Gas price hike puts manufacturing sector under pressure: BUILD
BUILD warned that the increased cost burden will discourage industrial expansion and investment, just as optimism had begun to grow following the Investment Summit 2025

The recent 33% hike in gas prices for new industrial users and captive power plants will significantly strain Bangladesh's manufacturing sector, according to Business Initiative Leading Development (BUILD), a private sector think tank.
In a press release issued today (16 April), BUILD said the new gas rate—imposed by the Bangladesh Energy Regulatory Commission (BERC) through its order no 2025/06 on 13 April—will aggravate existing cost-push inflation, which is already approaching double digits. Since 2023, gas prices for industries and power generation have surged by 179%.
"This price adjustment comes at a time when many businesses are already struggling with rising raw material costs, a weakening taka, export market volatility, persistent power shortages, energy unreliability, and the imposition of US reciprocal tariffs," the organisation said in the press release.
BUILD warned that the increased cost burden will discourage industrial expansion and investment, just as optimism had begun to grow following the Investment Summit 2025.
The gas price hike, driven by persistently high LNG prices, reflects both an economic necessity and deeper structural challenges within the country's energy sector, the release said.
Currently, the power sector consumes 43% of the national gas supply, while industries and captive power plants consume 18% and 16%, respectively.

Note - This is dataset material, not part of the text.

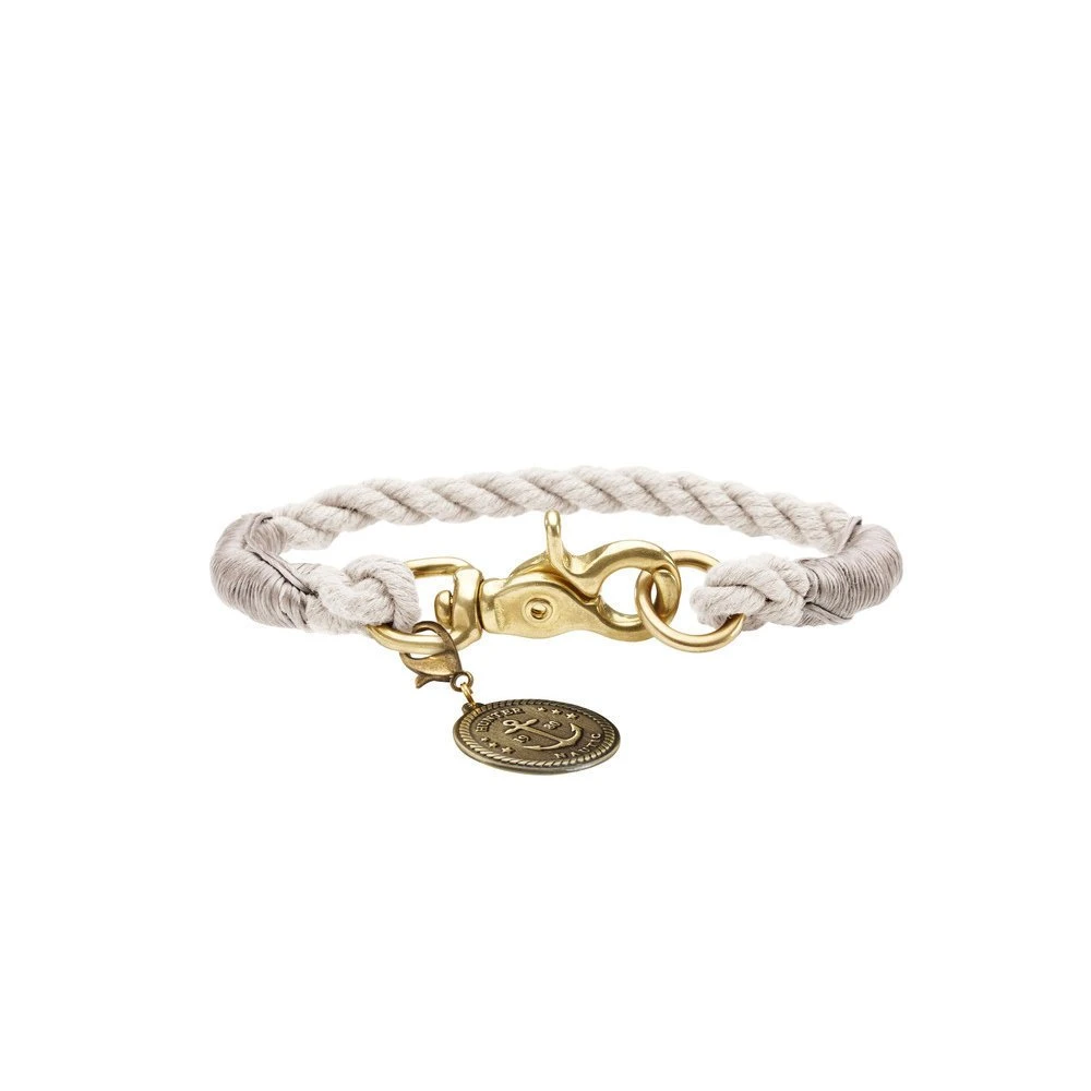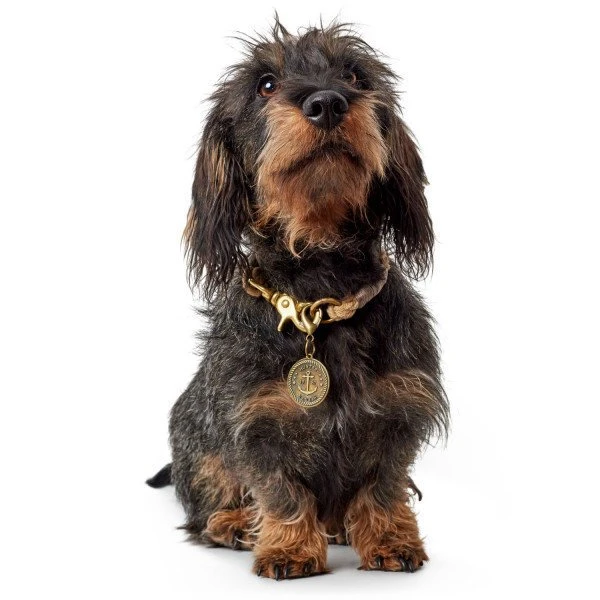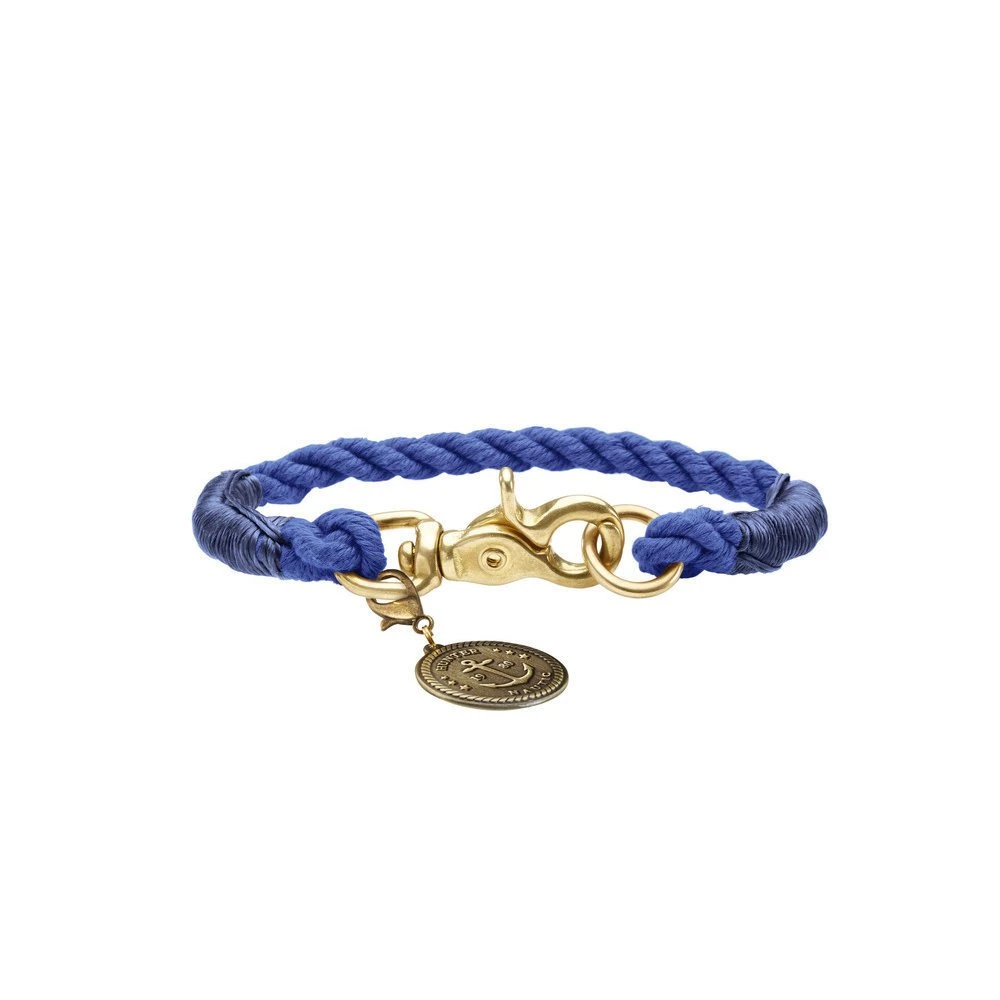 Das Halsband ist für kleine Hunde geeignet und besteht aus robustem, geflochtenen Tau, das an ein Schiffstau erinnert. Der Scherenkarabiner sorgt dafür, dass sich das Hundehalsband leicht schließen lässt. Die funkelnden Messingbeschläge und die abnehmbare Plakette machen das Halsband zu einem ganz besonderen und individuellen Hingucker. Außerdem sind die Messingbeschläge besonders witterungsbeständig.

Citing its internal analysis, BUILD estimated that the economy may face 12.67% inflation as a direct consequence of the gas price hike, assuming fuel accounts for 10% of production costs under ceteris paribus conditions. Given the 26% value addition rate (despite no government-developed profitability or VA index), industrial product prices could rise to Tk9.28 trillion from the previous Tk8.23 trillion.
BUILD also called for long-term planning to ensure full supplies of coal, LNG, and oil. Petrobangla projects that gas demand will reach 4,600 million cubic feet per day (MMcfd) by 2030, with import dependency rising from 22% in FY2020–21 to 67% in FY2030–31.
To meet this demand, the country currently operates two Floating Storage and Regasification Units (FSRUs), capable of supplying 1,100 MMcfd if utilised fully. Combined with domestic production, this could secure the national supply, the organisation said.
"If Heavy Fuel Oil (HFO) supply can be ensured, the power sector can keep load shedding to a minimum," the release added.
BUILD highlighted renewable energy as a viable solution, noting Bangladesh's 300-plus sunny days annually and the untapped potential of industrial rooftop solar systems. Several garment factories have already started using solar power to meet part of their energy needs.
"If 1,000MW of rooftop and grid-tied solar capacity can be deployed quickly, the demand for HFO can be lowered," BUILD said. Agro-based industries are also exploring biogas as a sustainable fuel option, although scalability remains a challenge.
In terms of energy efficiency, BUILD suggested that investment in efficient machinery, LED lighting, and smart monitoring systems could reduce consumption by 20–30%.
To address immediate pressures, BUILD recommended that the government temporarily exempt VAT and Advance Tax at both the import and user levels for the industrial and power sectors, while keeping the current Tax at Source (TDS) structure intact.
The think tank also urged the government to use the Energy Security Fund—as allowed under Section 2.1.1-cha of BERC Order 2025-06—to stabilise gas prices temporarily and avoid a market shock.
"We need to focus more on energy efficiency, reducing system loss (currently at 10.06%), and exploring alternative sources such as solar and biogas," the release concluded.